**Aim of the exercise**
From the first line to the last, give the material again exactly, without the images.

**Information shown**
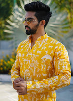 Prazu Fashion Yellow Lucknowi Silk Kurta With PajamaAbout the Product: GENDER : male Colour : Yellow Work/Pattern : Lacknowi Fabric : Silk Neck Lin...
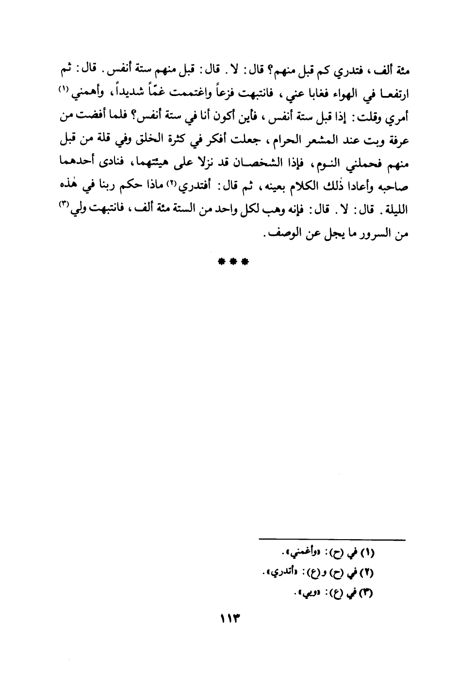 مئة أَلْفٍ، فَتَدْرِي كَمْ قُبِلَ مِنْهُمْ؟ قَالَ: لا. قَالَ: قُبِلَ مِنْهُمْ سِتَّةُ أَنْفُسٍ. قَالَ: ثُمَّ ارْتَفَعَا فِي الْهَوَاءِ فَغَابَا عَنِّي، فَانْتَبَهْتُ فَزِعًا وَاغْتَمَمْتُ غَمًّا شَدِيدًا، وَأَهَمَّنِي أَمْرِي وَقُلْتُ: إِذَا قبل ست أَنْفُسٍ، فَأَيْنَ أَكُونُ أَنَا فِي سِتَّةِ أَنْفُسٍ؟ فَلَمَّا أَفَضْتُ مِنْ عَرَفَةَ وَبِتُّ عِنْدَ الْمَشْعَرِ الْحَرَامِ، جَعَلْتُ أُفَكِّرُ فِي كَثْرَةِ الْخَلْقِ وَفِي قلة من قبل منهم فحملني النَّوْمُ، فَإِذَا الشَّخْصَانِ قَدْ نَزَلا عَلَى هَيْئَتِهِمَا، فَنَادَى أَحَدُهُمَا صَاحِبَهُ وَأَعَادَا ذَلِكَ الْكَلامَ بِعَيْنِهِ، ثُمَّ قَالَ: أَفَتَدْرِي مَاذَا حَكَمَ رَبُّنَا فِي هَذِهِ اللَّيْلَةِ. قَالَ: لا. قَالَ: فَإِنَّهُ وَهَبَ لكل واحد من الستة مئة ألف، فانتبهت ولي مِنَ السُّرُورِ مَا يَجِلُّ عَنِ الْوَصْفِ.
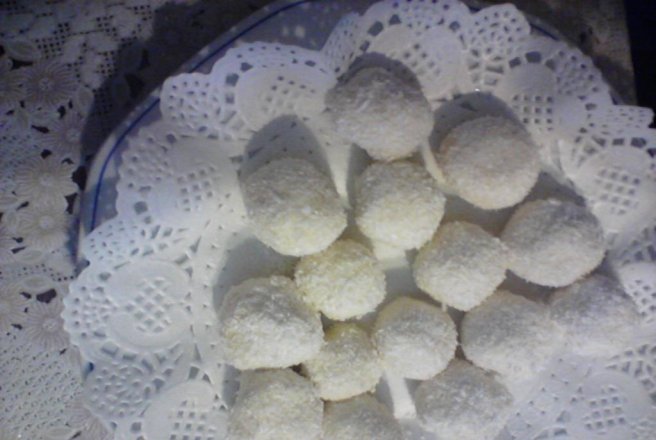 Modelati bomboane, cu cate o aluna de padure intreaga la mijloc si le dati imediat prin nuca de cocos.
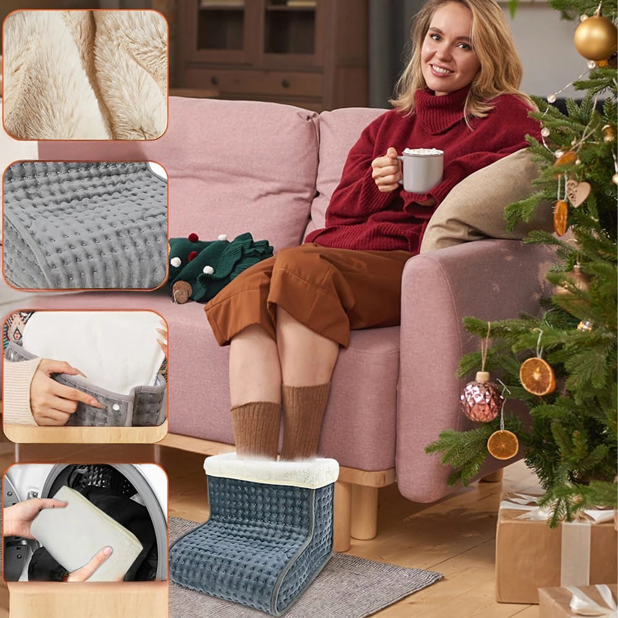 Електрическият нагревател за крака е проектиран за максимален комфорт по време на почивка пред телевизора, на работното бюро или на дивана. Меката плюшена вътрешност с приятна подплата разпределя равномерно топлината и помага бързо да стопли студените стъпала. Интуитивното дистанционно с дисплей позволява прецизна настройка на температурата и продължителността на загряване за безопасна и безгрижна употреба.

**Exercise response**
 Prazu Fashion Yellow Lucknowi Silk Kurta With PajamaAbout the Product: GENDER : male Colour : Yellow Work/Pattern : Lacknowi Fabric : Silk Neck Lin...
 مئة أَلْفٍ، فَتَدْرِي كَمْ قُبِلَ مِنْهُمْ؟ قَالَ: لا. قَالَ: قُبِلَ مِنْهُمْ سِتَّةُ أَنْفُسٍ. قَالَ: ثُمَّ ارْتَفَعَا فِي الْهَوَاءِ فَغَابَا عَنِّي، فَانْتَبَهْتُ فَزِعًا وَاغْتَمَمْتُ غَمًّا شَدِيدًا، وَأَهَمَّنِي أَمْرِي وَقُلْتُ: إِذَا قبل ست أَنْفُسٍ، فَأَيْنَ أَكُونُ أَنَا فِي سِتَّةِ أَنْفُسٍ؟ فَلَمَّا أَفَضْتُ مِنْ عَرَفَةَ وَبِتُّ عِنْدَ الْمَشْعَرِ الْحَرَامِ، جَعَلْتُ أُفَكِّرُ فِي كَثْرَةِ الْخَلْقِ وَفِي قلة من قبل منهم فحملني النَّوْمُ، فَإِذَا الشَّخْصَانِ قَدْ نَزَلا عَلَى هَيْئَتِهِمَا، فَنَادَى أَحَدُهُمَا صَاحِبَهُ وَأَعَادَا ذَلِكَ الْكَلامَ بِعَيْنِهِ، ثُمَّ قَالَ: أَفَتَدْرِي مَاذَا حَكَمَ رَبُّنَا فِي هَذِهِ اللَّيْلَةِ. قَالَ: لا. قَالَ: فَإِنَّهُ وَهَبَ لكل واحد من الستة مئة ألف، فانتبهت ولي مِنَ السُّرُورِ مَا يَجِلُّ عَنِ الْوَصْفِ.
 Modelati bomboane, cu cate o aluna de padure intreaga la mijloc si le dati imediat prin nuca de cocos.
 Електрическият нагревател за крака е проектиран за максимален комфорт по време на почивка пред телевизора, на работното бюро или на дивана. Меката плюшена вътрешност с приятна подплата разпределя равномерно топлината и помага бързо да стопли студените стъпала. Интуитивното дистанционно с дисплей позволява прецизна настройка на температурата и продължителността на загряване за безопасна и безгрижна употреба.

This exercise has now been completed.